CITIC Bank demonstrated strong competitiveness in the corporate sector. By the end of 2025, the bank's corporate loan balance exceeded 3 trillion yuan, reaching 3.29 trillion yuan, a substantial increase of 13.24% from the end of the previous year, with manufacturing, leasing, and business services being the main sources of growth. Concurrently, the non-performing loan ratio for corporate loans decreased by 15 basis points year-on-year to 1.09%, indicating continued improvement in asset quality.

The strong performance of corporate banking is directly reflected in its profit contribution. In 2025, the pre-tax profit from corporate banking was 54.324 billion yuan, an increase of 9.02% year-on-year, with its share further rising to 64.6%, making it the bank's most core profit source. The financial markets business followed closely, with a pre-tax profit share of 32.1%, solidifying its position as the second-largest profit segment.

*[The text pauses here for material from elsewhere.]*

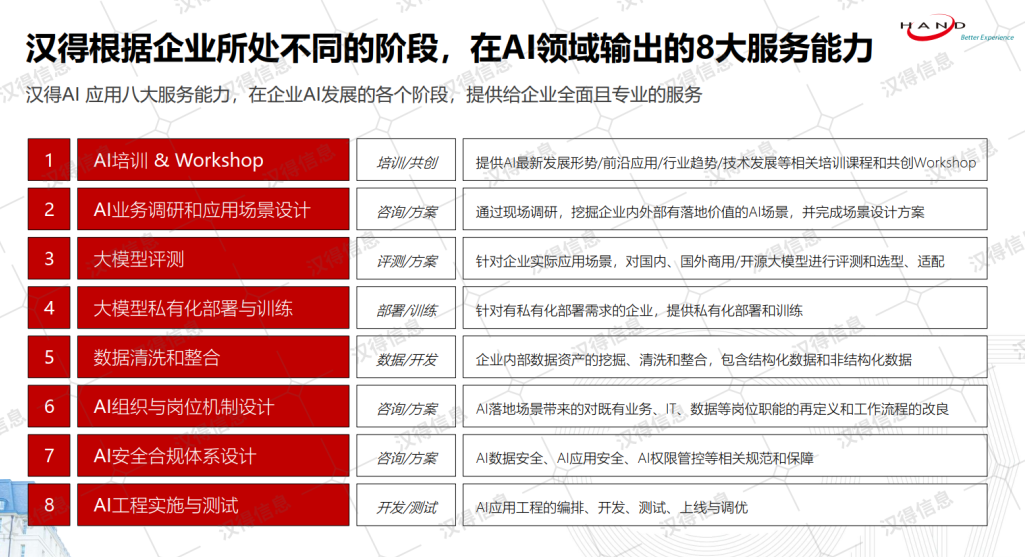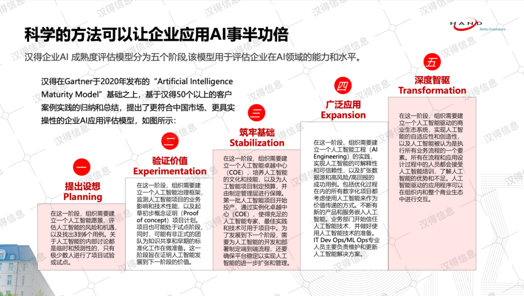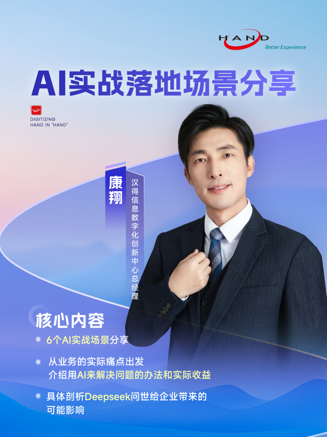 「点击图片了解更多」 近年来,人工智能技术已成为全球商业领域的热门议题。随着算法突破、算力提升与数据爆炸式增长,AI正加速走向企业实际业务场景,成为推动数智化转型的核心驱动力。然而,AI在企业端的落地面临着诸多挑战,企业AI应用与个人用户需求完全不同,需要考虑哪些问题?AI到底能做什么?边界又在哪里? 汉得始终从客户角度出发,充分考虑B端用户的关注点和特点,持续打造全面的AI应用侧能力体系,充分结合汉得20多年深厚的B端数字化积累及各大模型的能力,为企业提供体系化的产品及服务能力。 我们认为,只有通过对实际落地案例的剖析,才能获得真知灼见,帮助企业加快智能化的脚步。因此,汉得数字化创新中心总经理康翔先生,近期开展了题为《AI实战落地场景分享》专题直播。 他基于六个具有代表性的AI实践案例,从业务场景落地、技术路径选择,到组织战略规划,系统剖析了AI技术的应用价值与实践路径,为企业提供从认知对齐到行动落地的参考指南,同时分享了汉得根据企业所处不同阶段输出的八大服务能力,致力于帮助更多企业加速实现AI在B端的应用及价值变现! 案例一 构建AIGC知识库 开发专属细胞实验模型 该客户是国内某知名大学的生物研究所,面临的主要痛点是历史论文数量庞大,版本众多,且涉及各种不同语言。实验前靠人力定向查阅相关分子细胞研究的成果,几乎是不可能完成的任务。因此,该客户选择携手汉得团队用AIGC知识库,解决了查找历史文献的问题。 双方首先通过构建大模型驱动的知识库,实现文献快速检索与论文初稿生成,解决了查阅文献的问题,但AIGC的结果是概率,实验结果的记录要求严谨的逻辑唯一性。为此汉得研发团队开发了知识图谱来解决记录实验结果逻辑关系的严谨性问题。 通过对大量历史数据的回归分析,形成模型,通过输入条件,用模型跑出模拟实验的结果,可用于辅助实验,以缩短科研周期,降低科研成本,并有利于教学和知识传承。该技术投入运行后,有效帮助科研团队缩短实验周期,并节省了实验经费。 案例二 实现“手中时时有数,心中事事有数” 该客户是中国500强企业,主营业务是供应链,年营收1400亿。虽然企业很早就做了数字化建设,也做了不少BI报表,但高管们发现,在看数据、用数据上仍然存在不少痛点。 类似的问题,在很多企业都存在,其本质是用数据的人不是开发数据的人,开发数据的人并不真正要用这些数据,这种错位导致了企业内部虽然开发了一大堆BI报表,实际上真正有用的并不多,真正要用的时候却发现用不了。 汉得针对这一类型的问题,将自研的ChatBI产品与AIGC大模型进行结合,不再需要提前开发一大堆BI报表,而是通过语音或者文字将要看的数据提交给大模型,大模型转译之后,由ChatBI直接从数据库中实时取出数据,并组装成BI报表呈现出来,同时对数据权限进行管理。 这一技术功能的实现,支持企业内部各个不同层级、不同领域的人员真正做到“手中时时有数、心中事事有数”。 案例三 将AI嵌入工作流,减少出错率,降本提效 这是2022年发生的一个法律诉讼案例,某公司在贸易报关环节,由于商品归类失误而面临处罚。进出口贸易在向海关进行报关时,商品的分类要遵循海关相关规定,但由于法规不定期迭代变更、国内外对商品分类标准不一致等因素,都非常容易导致在报关环节发生失误,甚至有申报不实的处罚风险,同时也影响了进出口订单的履约周期。 企业通过引入AI Agent,结合企业历史报关数据与海关法规等打造报关智能体,借助对话式交互生成精准分类建议,实现自动获取数据、代替人工录入、避免人为错误,将此类低价值、重复性工作真正做到少人化、无人化、智能化。 案例四 借助AI服务员工,快速便捷处理报销 该客户是国内某知名龙头企业,为了简化其报销流程,优化交互体验,该企业选择携手汉得引入AI Agent,员工在报销时仅需要填写基础信息并提交报销凭证,AI就会调用各种接口去审核发票的真实性。 借助AI Agent,报销系统真正做到简化人力成本,实现大幅提效,同时还优化了员工的使用体验。 案例五 将AI应用于导购陪练 该客户是国内某知名电器企业,在全国各大商场中均有设立柜台,其面临的主要痛点是公司产品不断迭代更新,销售导购培训体系也随之变化,导购完全胜任需 3-4个月。 虽然多数客服在做选择题答卷时成绩不错,但上线后不敢回复,知识运用不灵活,很难绘制有感情、有形象的“客户”进行实操培训。 为了解决上述问题,该客户选择携手汉得团队借助AI Agent,打造“AI顾客”与导购进行交互,通过AI模拟真实购物场景,对导购话术进行评分和优化指导,并将培训时长缩短至2个月,效率翻倍。 同时用“更真实的AI买家”做产品推荐练习,快速提升销售服务能力,从而提升整体销售额。使用该模式培训的导购平均转化率高3-5%。 案例六 实现良品率提升,年收益高达数千万元 该客户是光伏切片领域的龙头企业,国内光伏切片行业平均良品率大约在93-95%左右,该客户希望提高良品率,从而降低生产成本。然而光伏切片的数控机床产线参数多达2000多个,其组合方式更是无穷无尽,要通过人工来调优是不可能完成的任务。 汉得通过对生产过程的调研,对生产过程中采集到的全部变量进行分析,找出与良品率最为相关的60个关键变量,并借助大数据分析算法,最终找到了这60多

In stark contrast to the stability of corporate banking, the retail business is undergoing deep adjustment. In 2025, operating income from retail banking decreased by 7.37% year-on-year to 79.367 billion yuan, while pre-tax profit plummeted by 42.55% year-on-year to only 5.303 billion yuan. Its share of the bank's total profit dropped from 11.4% to 6.3%.

Looking over a longer time horizon, this downward trend appears even more pronounced. Back in 2021, the retail business's profit contribution was as high as 34.6%, almost matching that of the corporate business. At that time, a "retail + corporate" dual-engine growth pattern was taking shape. However, over the subsequent four years, the retail business's profit contribution has continuously shrunk, widening the gap with the corporate business.

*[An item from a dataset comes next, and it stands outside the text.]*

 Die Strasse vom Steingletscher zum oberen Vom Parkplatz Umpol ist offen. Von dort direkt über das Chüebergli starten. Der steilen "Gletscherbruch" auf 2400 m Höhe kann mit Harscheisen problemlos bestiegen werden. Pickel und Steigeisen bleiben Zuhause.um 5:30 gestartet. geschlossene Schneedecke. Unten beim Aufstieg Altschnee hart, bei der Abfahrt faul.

The ongoing contraction of the credit card business is a core issue behind the retail segment's decline. At the end of 2025, the credit card loan balance was 463.091 billion yuan, shrinking for two consecutive years, representing an 11.16% decrease from the end of 2023. This scale has fallen back to levels seen around 2018. Meanwhile, the credit card non-performing loan ratio has continued to climb, reaching 2.62% at the end of 2025, up 0.12 percentage points from the end of the previous year, also the highest level in recent years.

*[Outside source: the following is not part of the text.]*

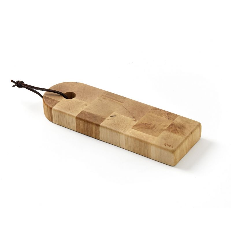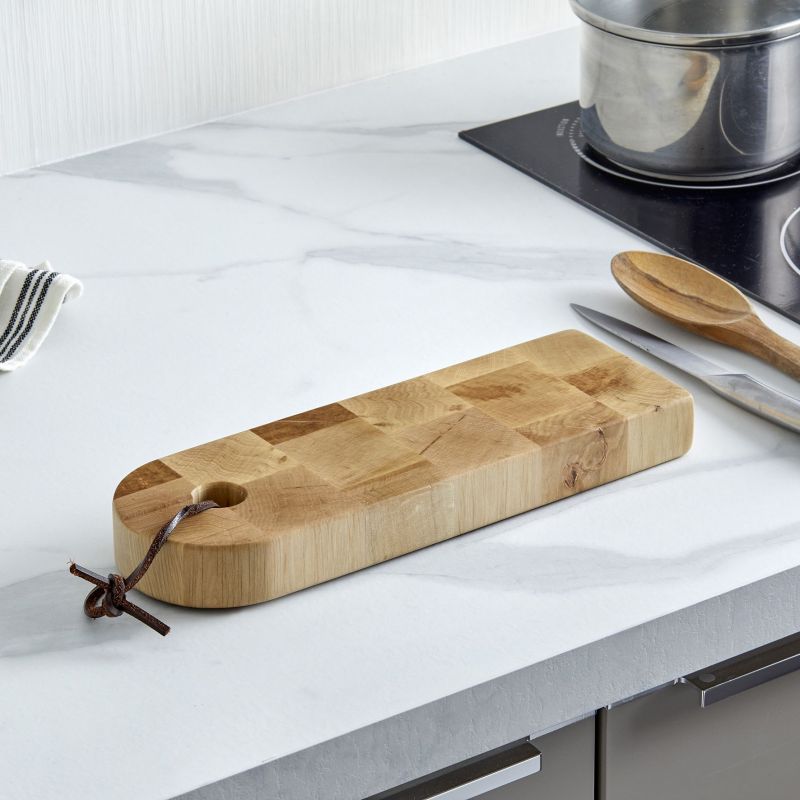 Planche billot - Charme en bois de bout- 300x100x30mm - Fournie avec lanière en cuir

Lü Tiangui's return coincides with CITIC Bank reaching the critical milestone of 10 trillion yuan in assets. He faces a dual task: stabilizing the foundation of the corporate banking business to sustain the momentum of scale expansion, while also reversing the困境 of the retail business to steer the retail segment back onto a growth trajectory. The former president of the Credit Card Center will now directly confront the risks that have accumulated in the very field he once cultivated. How he will reshape the business he once helped propel is undoubtedly a key focus of market attention.